Argentine businessman, television presenter, comedian, scriptwriter and director

Gerardo Andrés Sofovich (March 18, 1937 – March 8, 2015) was an Argentine businessman, dramaturge, television host and presenter, comedian, scriptwriter, and director.

He was the producer of Polémica en el bar and La noche del Domingo, two of the most popular Argentine TV shows of the 1970s and 1980s. Sofovich also hosted A la manera de Sofovich and Sin Límite SMS, which were broadcast on Canal 9. During the 1970s and 1980s he directed several picaresque films starring comedians Alberto Olmedo and Jorge Porcel.
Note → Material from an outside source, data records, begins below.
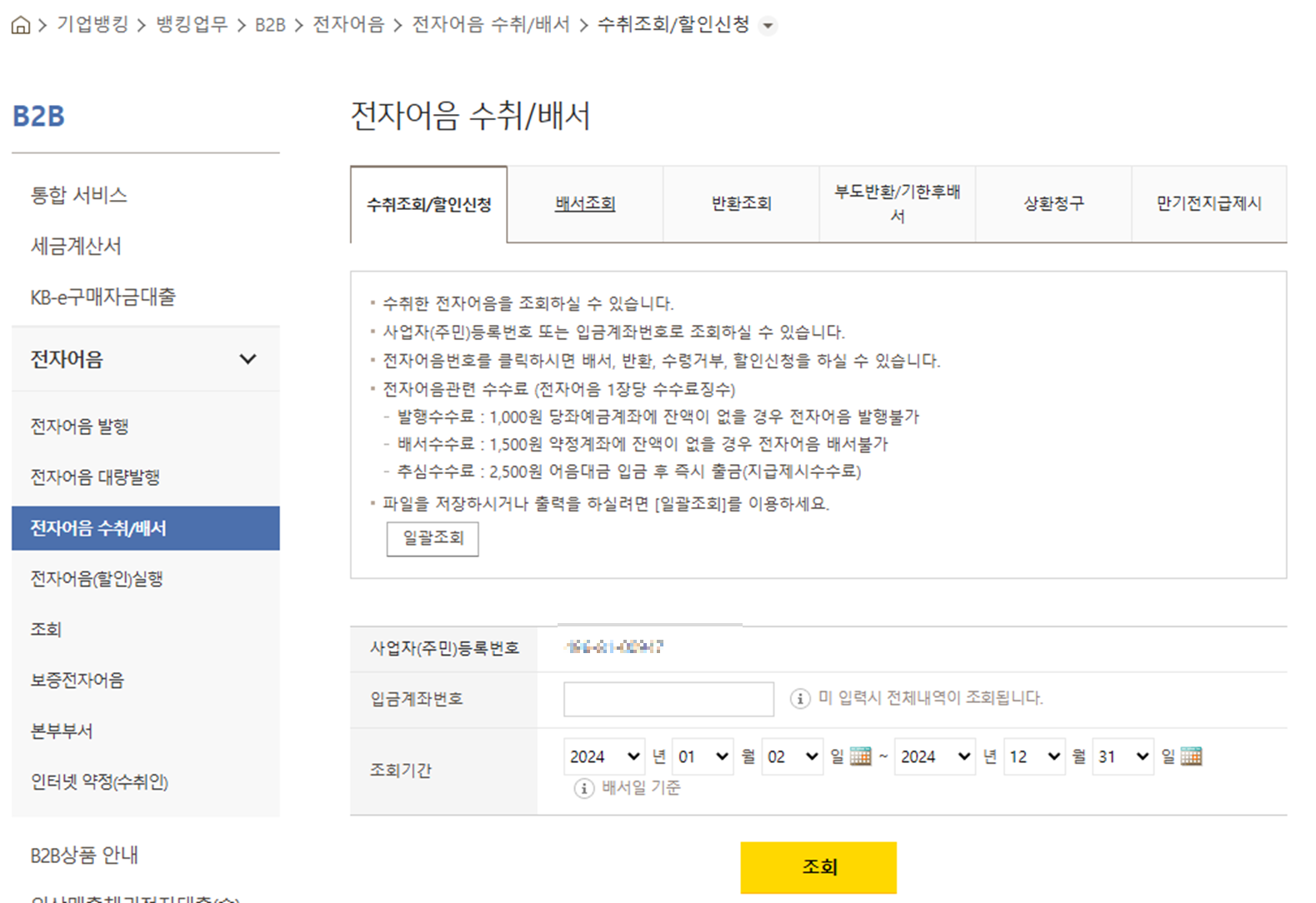조회를 누르면 받은 어음을 조회할 수 있습니다.
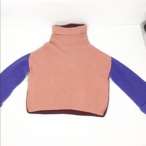 Stylish cowl neck sweater. Burgundy body with blue sleeves. Cozy and chic design.
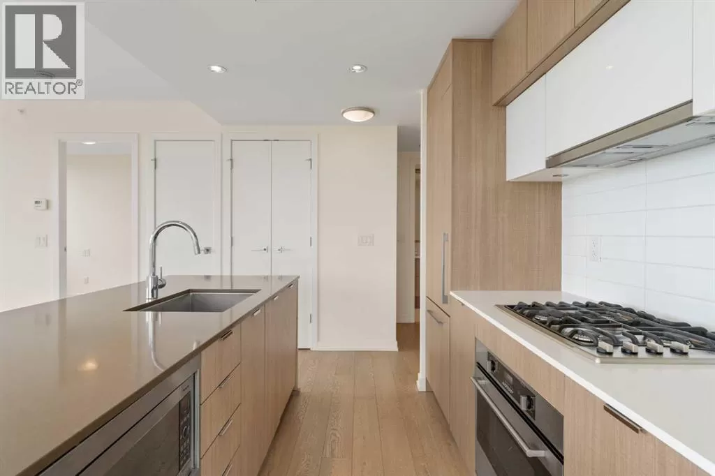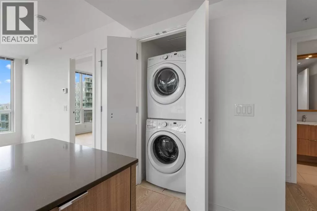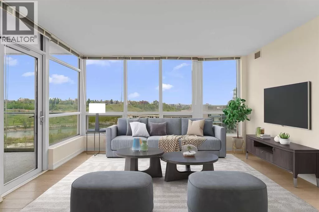 Experience elevated urban living in this stunning 2-bedroom, 2-bathroom corner unit on the 11th floor of the prestigious Outlook at Waterfront. Offering breathtaking, unobstructed views of the Bow River through expansive floor-to-ceiling windows, this is where luxury meets convenience in Calgaryâs vibrant riverside community. The sleek, modern kitchen is a chefâs dreamâfeaturing stone countertops, a gas cooktop, integrated appliances, pantry for extra storage, and elegant recessed lighting. Wide-plank laminate flooring and ceramic tile add warmth and sophistication throughout the open-concept layout. Both bedrooms offer generous closet space and privacy, ideally positioned on opposite sides of the suite. The primary bedroom is complete with a stylish 3-piece ensuite. An additional 4-piece bathroom and in-suite laundry complete the space. Enjoy the breathtaking, unobstructed views of the Bow River from your living and dining room, or step out onto your North-facing balcony and take in and the majestic mountain views stretching to the west. Other features include central A/C, ensuring year-round comfort. This home also includes TWO SIDE-BY-SIDE ASSIGNED PARKING STALLS and 1 SECURED STORAGE LOCKER (4âx6â) located CLOSE TO THE ELEVATOR. As a resident of Outlook at Waterfront, you'll have access to upscale amenities including a fully equipped fitness centre, yoga studio, hot tub and sauna, theatre room, party/rec room, guest suite, car wash bay, secure visitor parking, and an on-site concierge in the main building. Step outside to the Bow River pathways or Princeâs Island Park, just moments away. Walk to work, trendy restaurants, cozy cafés, and pubs. With nearby LRT stations and major transit routes, every corner of the city is within easy reach. This is more than a homeâitâs a lifestyle. Book your private showing today and discover the best of riverfront living. (id:27476)
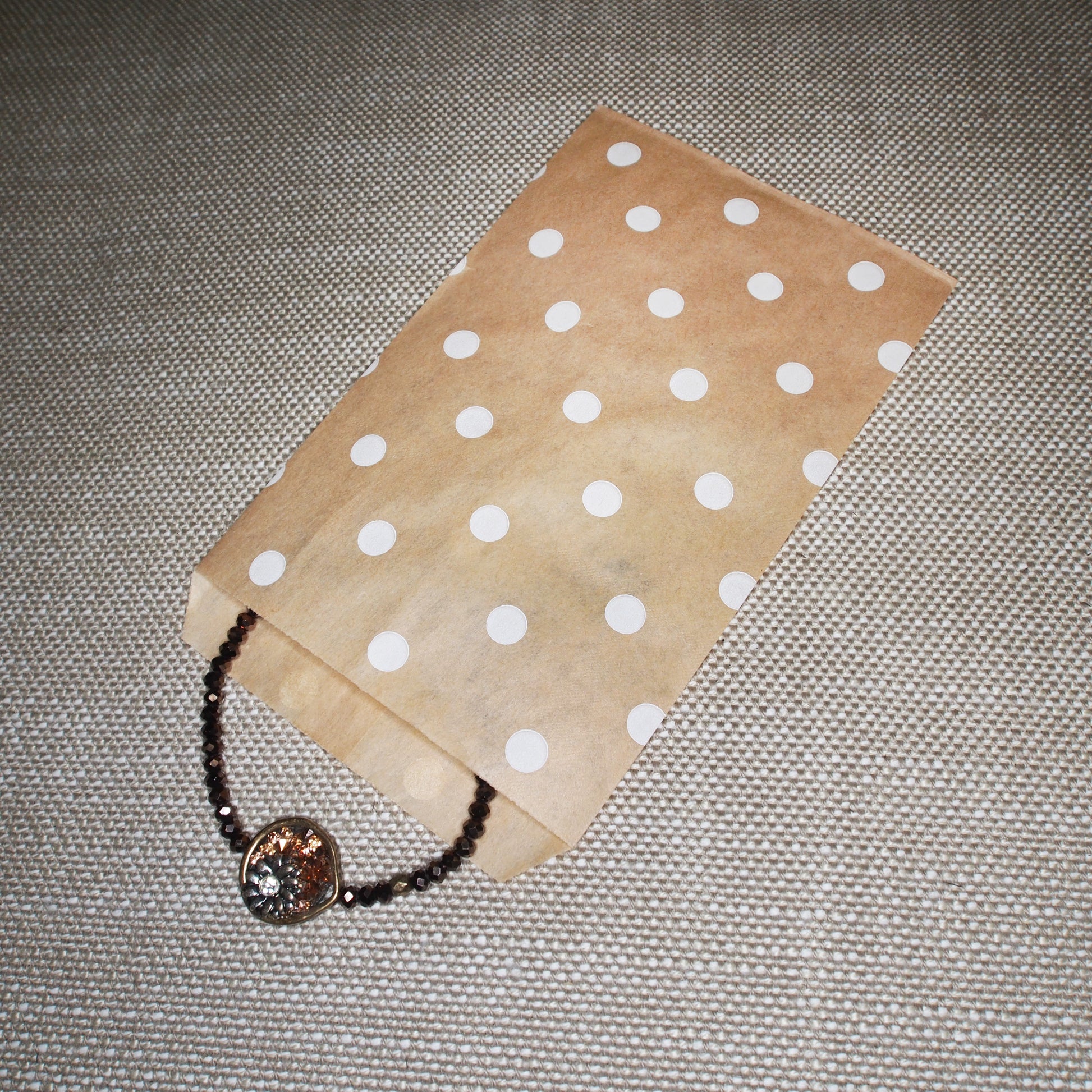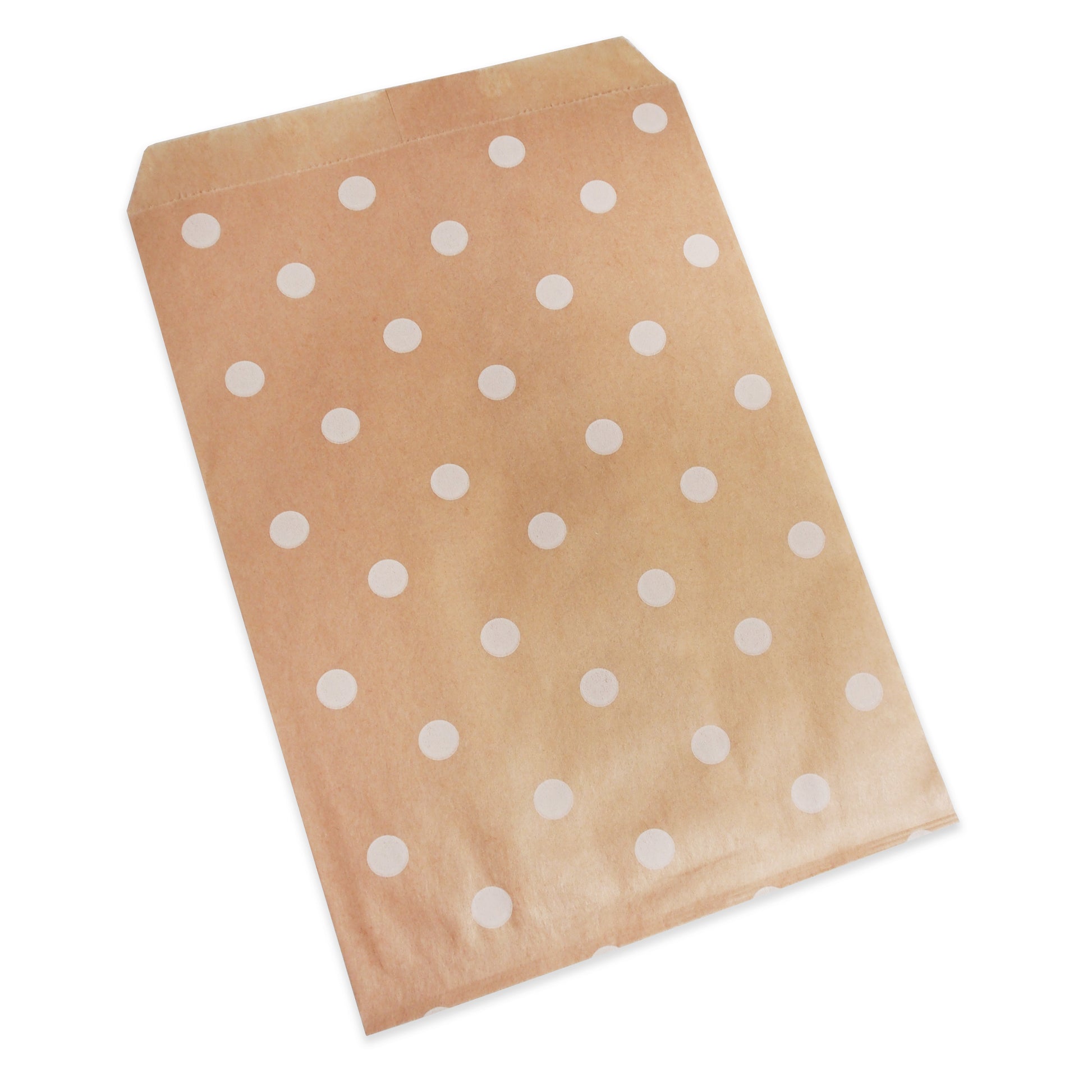 These Brown Bags come with eitherWhite or Red Polka Dots. These Flat Paper Bags come in packages of 100. Available in four different sizes.

As a businessman, he backed up major shows on Buenos Aires' Corrientes Avenue theaters , and the first businessman to present the first Argentine transvestite in his musical shows,Jorge Perez Evelyn.

==Health problems==
Sofovich suffered a heart attack in 1992 at age 55. He had 15 stents put in and had twelve 12 angioplasties. On October 8, 2014, it was revealed that Sofovich had been connected to an artificial respirator and was sedated at Clinica Suizo-Argentina hospital after suffering a pulmonary infection, which complicated his health chronic obstructive pulmonary disease condition. He died on March 8, 2015, aged 77, one week and three days before his 78th birthday.